Your horse is tied to a pole!


To the people who tether their horses – just a few questions today! 

When you tie your horse to the pole, how do you think he will feed himself when the green grass beneath turns to mud? Will he dig for the roots to stop the hunger pains or focus on the green fields surrounding him – the ones his rope keeps him from. Imagining what it would like to be there. But you’ll move him to the next pole or maybe bring him hay? What? No hay? You never buy hay? Who has a horse and doesn’t buy hay? And your friend owns the next pole, you say? So, there’s no keeping your horse’s hunger at bay. 

When you tie your horse to the pole, where do you think he will find water – hardly from the bucket you might bring once a day that he kicks over straight away. What? You don’t even bring water so no chance of that. Well, that’s one problem solved, you’d never do that! 

When you tie your horse to a pole? How do you think they will run and roll. Oh, I hear you, there is a few feet in that rope. He can run so far – to a standstill of course-back and forth. Sorry, of course your horse doesn’t like to roll. He doesn’t need much you said!
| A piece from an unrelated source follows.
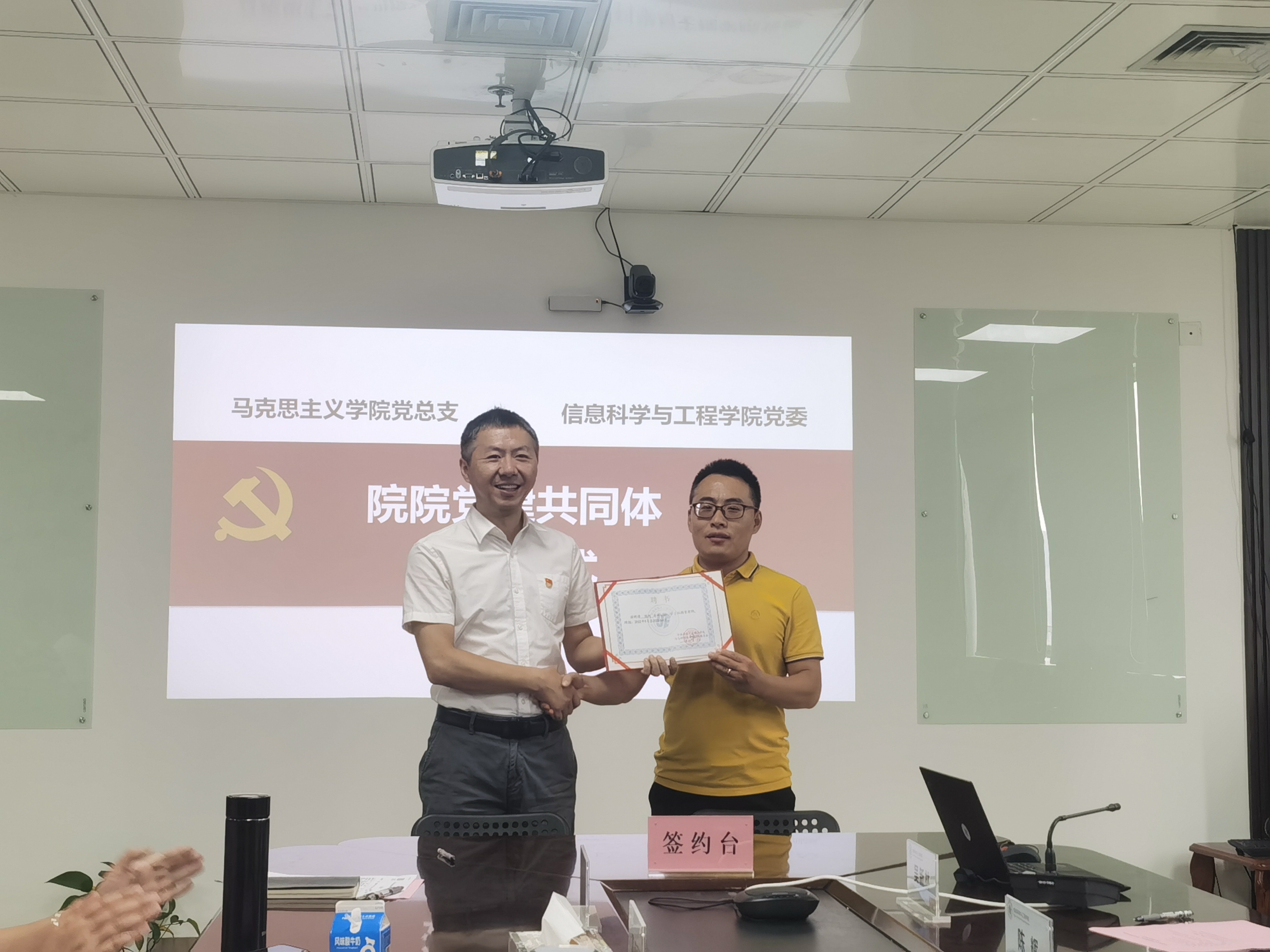 2022年9月19日,信息学院党委、马克思主义学院党总支党建共同体共建签约仪式顺利开展,双方就如何以党建引领促进学科专业建设、提高人才培养质量,提升服务区域经济发展能力,深入推进“大思政课”建设进行了探讨。信息学院党委全体班子、支部书记,马克思主义学院党总支书记伍醒、副书记张维雅,院长助理吴新林,办公室主任刘杰等参与此次会议。

But isn’t he 16 hands, tied to a pole, with not only not much but nothing at all. 

When you tie your horse to the pole and lie in bed at night, do you think of the fraying rope severing his legs every time he tries to reach that last bit of grass? What? Oh, you like him lean. Doesn’t that make sense, no grass in his mouth and no fat on his back. Lean and mean, just what you want. 

When you tie your horse to a pole? I’m curious to know, what do you say to yourself when your lovely tall horse is dead – tied to a pole? Oh, I hear you, you tie another horse to another pole, but you make the rope a bit shorter, just in case. You’re taking no chances this time. And what about your dead horse? Right, not your problem. It’s not your land after all. 

When you tie your horse to a pole – I thought you might like to know that it maybe a rope to you but a noose to someone who knows.